Enterprise networks route employee web traffic through forward proxies — Zscaler, Broadcom (Symantec), McAfee Web Gateway, or open-source solutions like Squid. These proxies inspect every HTTP request, classify the destination, and apply category-based policies: block adult content, allow business sites, log social media access. But when an AI agent makes HTTP requests, those requests typically bypass the corporate proxy entirely. The agent runtime issues requests from a cloud VM, a container, or a serverless function that has no proxy configuration. The result is an uncontrolled, unmonitored egress channel to the entire internet.
Build a forward proxy specifically designed for AI agent HTTP traffic. Every request from an agent runtime is routed through this proxy. The proxy extracts the destination domain from each request, queries the 102M domain categorization database, and evaluates the result against the agent's category-based policy. Allowed categories pass through. Blocked categories receive an HTTP 403 response. Flagged categories are logged for review. The entire decision happens in the proxy layer — before the request reaches the destination server.
Unlike middleware-based filtering (which requires modifying the agent's code), a proxy-based approach is transparent to the agent. The agent makes standard HTTP requests; the proxy intercepts and filters them. This means you can apply category-based filtering to any agent framework — LangChain, CrewAI, AutoGen, custom implementations — without modifying a single line of agent code. Just point the agent's HTTP client to the proxy, and filtering is active.

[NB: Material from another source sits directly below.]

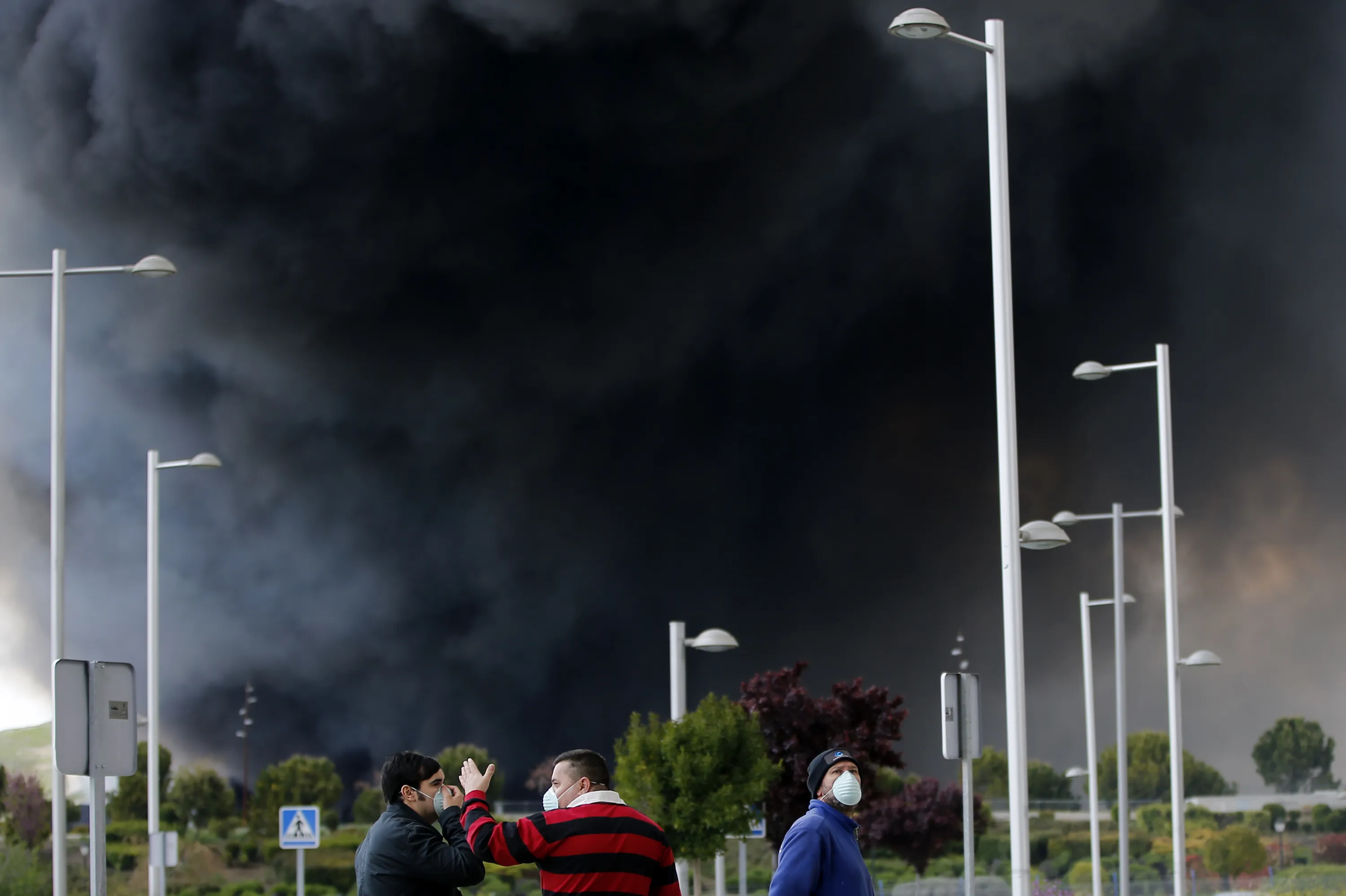Men with masks talk in front of billowing black smoke from a huge fire in Sesena, central Spain, Friday, May 13, 2016. (Photo by Paul White/AP Photo)

Three components that transform a standard proxy into an agent governance gateway
The proxy sits between agent runtimes and the internet. Configure agent containers or VMs to use the proxy via HTTP_PROXY and HTTPS_PROXY environment variables. For HTTPS traffic, the proxy performs TLS interception using a CA certificate installed in the agent runtime's trust store. This gives the proxy visibility into the full URL — not just the domain — enabling path-level filtering for page-type classification.
The proxy's classification engine queries the locally deployed 102M domain database on every intercepted request. The database is loaded into an in-memory store (Redis or an embedded hash map) for sub-millisecond lookups. Each domain resolves to its IAB categories, web filtering classification, page type, and reputation score. For domains not in the local database, the proxy issues a real-time API call as a fallback, caching the result for subsequent requests.
The policy engine evaluates the classification result against the agent's assigned policy. Policies are defined per agent identity or per agent group. Each policy specifies allowed categories, blocked categories, blocked page types, and a default action for uncategorized domains. The decision (allow, block, or flag) is recorded in the proxy access log alongside the domain, category, page type, agent identifier, and timestamp.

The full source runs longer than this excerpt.